Performance: I’ll go into more detail on this when later, suffice it say that this is a gross over simplification.

Other APIs: I’m not sure why they describe MySQL with “Most of languages” and mention specific languages for PostgreSQL. I suspect that virtually any language that has MySQL support also has PostgreSQL support. I can’t say this for sure of course because I have surveyed every single language that supports one or both of these databases, but you get the idea.

For the rest of the items they do a reasonable job, although they do leave out some additional features that might be of interest to some like domains, inheritance, sequences, etc.

Summary
There are some features that are extremely handy even for fairly small databases (like views). Look, MySQL does a pretty good job (aside from some issues) at what it is intended to do, stop trying to make excuses for though when you discover that it doesn’t fair well feature wise.

Benchmarks
There is no indication into how much tuning was done for either MySQL or PostgreSQL, if any was done at all.

Data Set & Results: There is no discussion about how many simultaneous connections/users there are. From the look of things all of these tests were done with a single connection/user. If that is the case then all of the inserts done in this should be thrown out and redone using MySQL’s LOAD DATA INFILE command and PostgreSQL’s COPY command. Doing bulk imports like this is always going to perform poorly using straight inserts. Not to mention that if you are only interested with single connection/user situations then you may well include things like MS Access for your benchmarks.

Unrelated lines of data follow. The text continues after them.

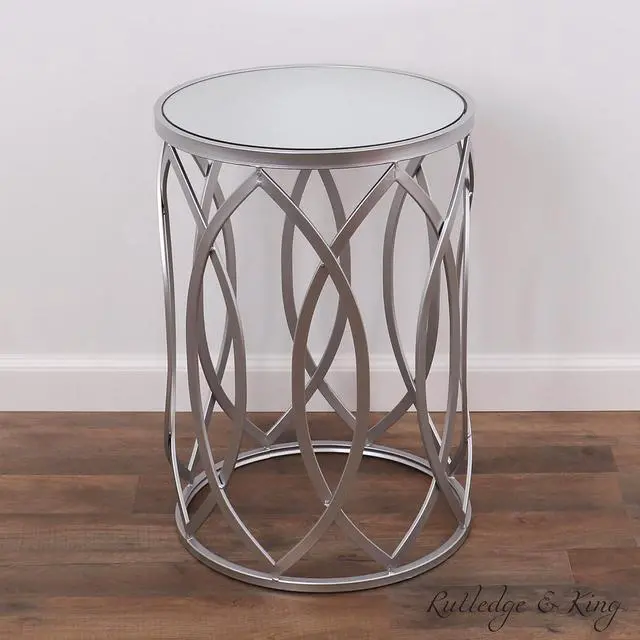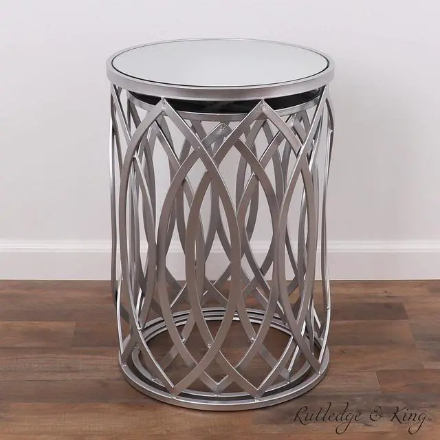 CONTEMPORARY DESIGN - The elegant design and sleek finish of the Rutledge & King Trinity Mirrored End Table Set blends seamlessly with any home decor. Each table comes in a contemporary silver or gold finish that has just the right amount of sheen to make your accent table stand out without being over the top. Rutledge & King accent tables offer the designer look and quality at an unmatched price.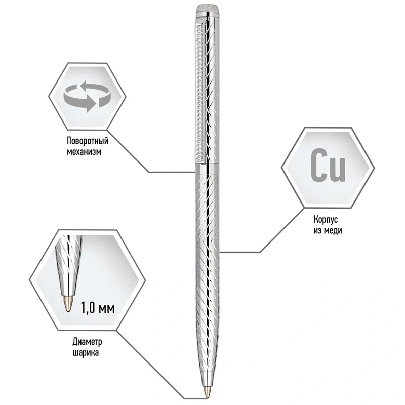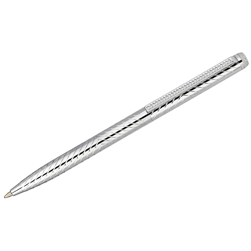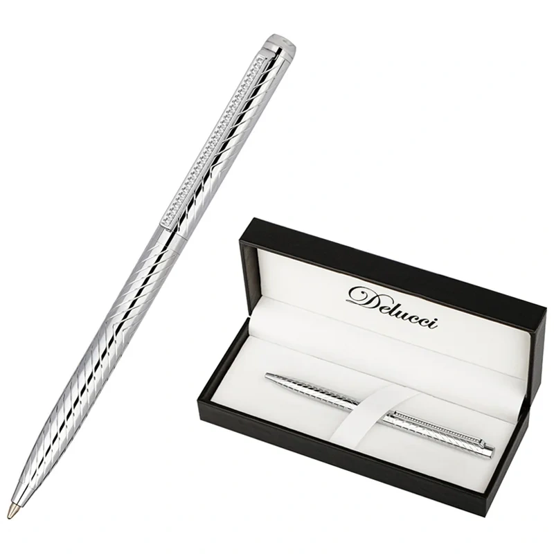 Ручка шариковая Delucci 'Argento', синяя, 1,0мм, корпус серебро, поворотн., подар.уп.
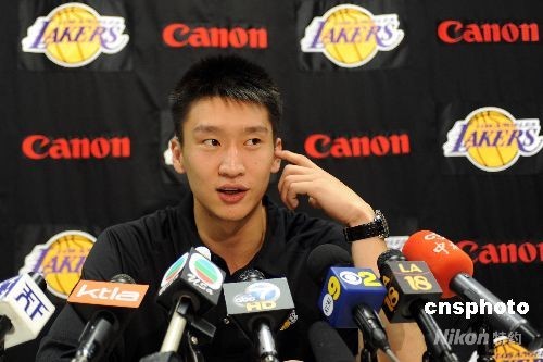 9月24日下午,美國NBA洛杉機湖人隊在自己的訓練基地舉行記者會,正式向媒體記者介紹剛剛加盟的中國球員孫悅。孫悅在記者會上用流利的英語回答記者提問。孫悅說,他對自己在湖人隊的位置很清醒,自己會加倍努力,盡量多爭取上場時間。圖為孫悅向記者解釋外號“Q”的來歷。中新社發 張煒 攝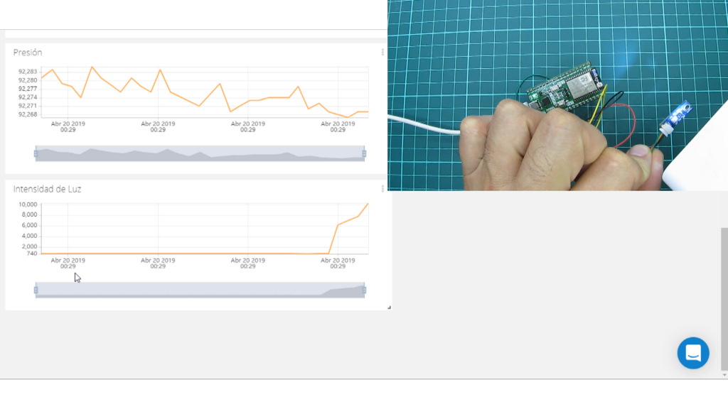 Si aplicamos luz al sensor veremos que las métricas del sensor se disparan muy alto.

Another missing component is what type of table is being used in MySQL. Unless you specify what table type you want MySQL will use the default type, which is MyISAM. If the MySQL side of these tests were run using MyISAM tables then this whole test needs to be thrown out (inserts, queries and deletes) and redone using the InnoDB table type.

Until these sorts of issues are at least addressed all of the results should simply be ignored, there is simply not enough information to gain anything remotely useful from those numbers at this point.

Conclusion
Again, if you are interested in making bulk imports happen very quickly, at least use the right tool for the job.

Hardware & Software
Kudos for mentioning hardware and software details.

My Conclusion
Going good and meaningful benchmarks is hard work, taking a vastly over simplified approach like the one done here is not really helpful to anyone. There were no goals outlined as to what sort of usage they wanted to test against (although it looks like there were interested in single user heavy insert models) and insufficient discussion and details about how they were going to mimic that model as accurately as possible. Of the discussion that was provided, most it revolved around how to minimize the impact of rapid inserts wrapped in transactions for PostgreSQL. That discussion is waste because they weren’t using the right tool for the right job.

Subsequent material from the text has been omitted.